"Min lagi ngaret to?"
Penggalan kalimat ini seketika membuatnya naik pitam, walaupun perkataan ini terlihat sangat sederhana. Ia pikir sebagian masyarakat kita belum memahami apa itu arti dari bekerja.
Suatu hari di siang yang panas seseorang bekerja mencari rumput untuk kambing yang dipeliharanya. Ia terpaksa bekerja untuk menutupi kebutuhan sehari-harinya. Karenanya ia tidak mau merepotkan anak-anaknya di hari senjanya. Walau sudah dicegah oleh anak-anaknya, ia tetap melakukan hal tersebut. Selain mengisi kekosongan, juga bisa dapat uang tambahan dari hasil menjual kambing. Pagi dan sore selalu rutin ia beri makan kambing-kambingnya tersebut, sedaangkan di siang hari ia mencari rumput.
Singkatnya ia adalah seorang purnawirawan di sebuah instansi militer. Namanya telah cukup di kenal dikalangan militer pada saat ia bertugas dahulu. Dia mulai menggekuti pekerjaannya semenjak dikirim di papua, hingga kembali lagi ke jawa, tepatnya di Provinsi Jawa Timur. Lama ia mengabdi untuk negaranya beberapa puluh tahun, setelah itu ia pensiun karena faktor usia.
Semenjak dahulu sebelum memasuki dunia instansi militer, ia dikenal di kampungnya sebagai anak petani yang gigih. Ia sudah kerap kali berhubungan dengan perihal dunia pertanian dan pertenakan. Hal ini memang umum bagi masysrakat yang tinggal di desa. Dua kali ia mendaftar instansi militer baru diterima secara sah menjadi anggota militer di indonesia.
Singkat cerita setelah ia menjadi pensiun dari segala hal yang berbau militer, ia putuskan menjadi peternak. Ia tinggalkan segala jabatan serta kehormatannya sebagai prajurit, bahkan ia tak mau mengakui sebagai mantan prajurit, untuk membuktikan bahwa ia tidak mengandalkan segala jabatannya dahulu.

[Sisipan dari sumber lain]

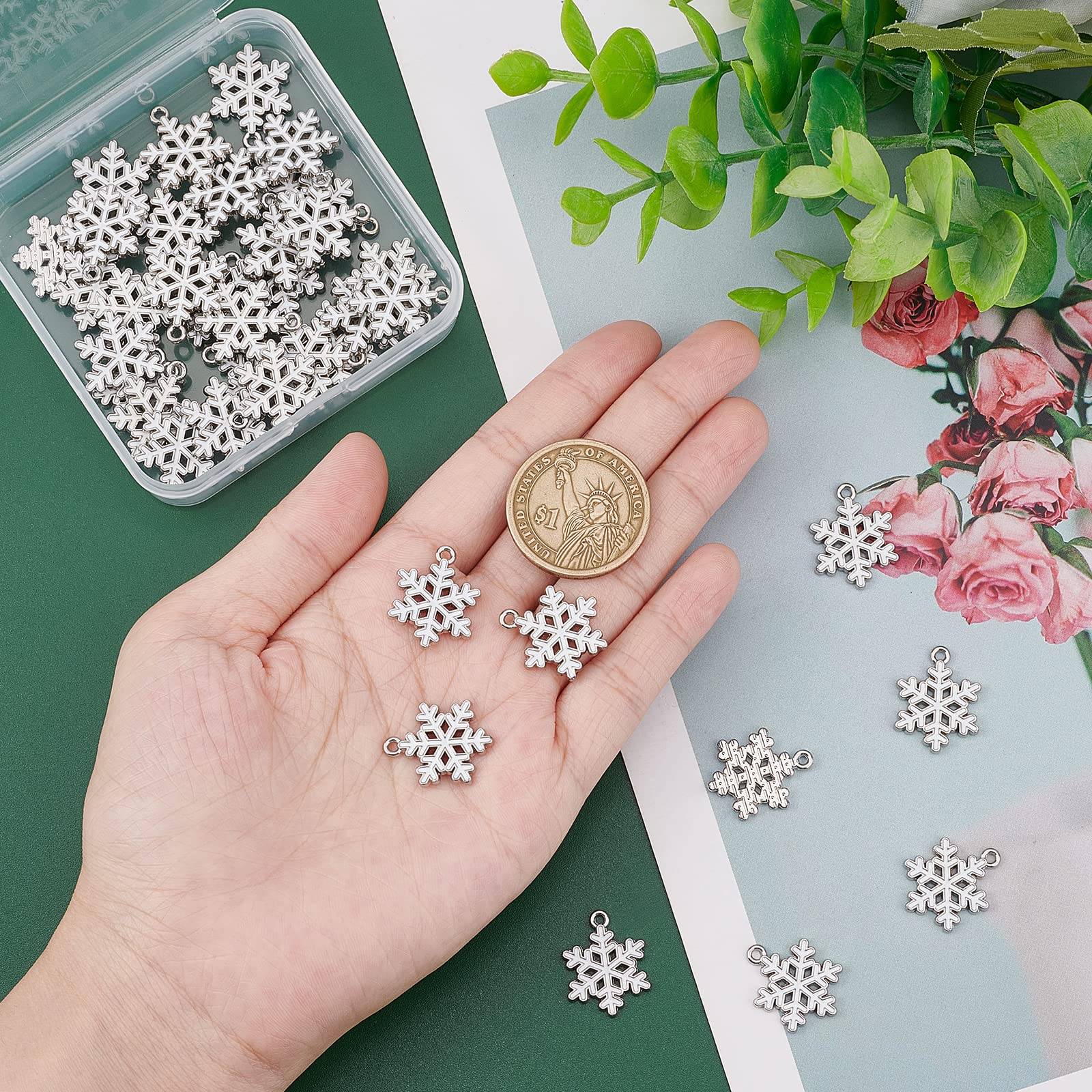 ❤[ADORABLE DESIGN]: These pretty snowflake enamel pendants feature with bright creamy sliver color. With detail carve ornament make it gorgeous and classy that they would highlight your fashionable jewelry or handcraft projects.

Pada siang yang terik ia berangkat menuiu lapangan kosong untuk mencari rumput, dengan wajah tuanya nan gigih serta peralatan yang dia gunakan, ia hayati pekerjaan itu. Namun di siang itu ada seseorang yang lewat didepannya dengan mengatakan "Min lagi ngarit to". Seketika ia naik pitam, namun ia jawab dengan lembut "nggih pak", ia tutupi kemarhannya dengan senyum ramah. Sang pengguna jalan itu hilang tanpa jejak lagi.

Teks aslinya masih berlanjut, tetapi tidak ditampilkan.